Human breast cancer cell lines contain stem-like cells that self-renew, give rise to phenotypically diverse progeny and survive chemotherapy

SUM cell lines were obtained from Dr Stephen Ethier (Kramanos Institute, MI, USA) and are commercially available (Asterand, Detroit, MI); the MDA.MB.231, MCF7, and MCF10A cell lines were purchased from American Type Culture Collection (Manassas, VA, USA). Human mammary epithelial cells immortalized with the catalytic subunit of telomerase [18] were cultured in Dulbecco's modified Eagle's medium-F12 (1:1) with 5% calf serum (Hyclone, Logan, UT), insulin (5 μg/ml), hydrocortisone (1 μg/ml), and epidermal growth factor (10 ng/ml; Sigma, St.
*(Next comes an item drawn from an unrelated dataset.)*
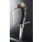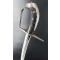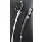 Monture en fer à une branche de garde, croisière à double très long oreillons terminée par un quillon droit, fusée en bois recouverte de chagrin, très arquée à la hongroise et rivetée à la soie par deux rivets décorés de fleurettes en fer soutenue par une calotte à courte queue clouée au dessus ainsi que sur le dos. gravures de quatre "V" stylisé sur le dos de la calotte, aucun jeu d'assemblage parfaitement d'époque, trace d'une ancienne réparation par brasure à jonction de la branche et de la croisière.

Louis, MO). MCF10A and MCF7 cells were cultured in Dulbecco's modified Eagle's medium with 10% calf serum. MDA.MB.231 cells were cultured in RPMI 1640 with 10% calf serum. SUM225CWR, SUM149PT, and SUM159PT cells were cultured in Ham's F12 with 5% calf serum, insulin (5 μg/ml), and hydrocortisone (1 μg/ml), whereas SUM1315MO2 were in Ham's F12 with 5% calf serum, insulin (5 μg/ml), and epidermal growth factor (10 ng/ml). All cell lines were grown at 37°C and 5% carbon dioxide.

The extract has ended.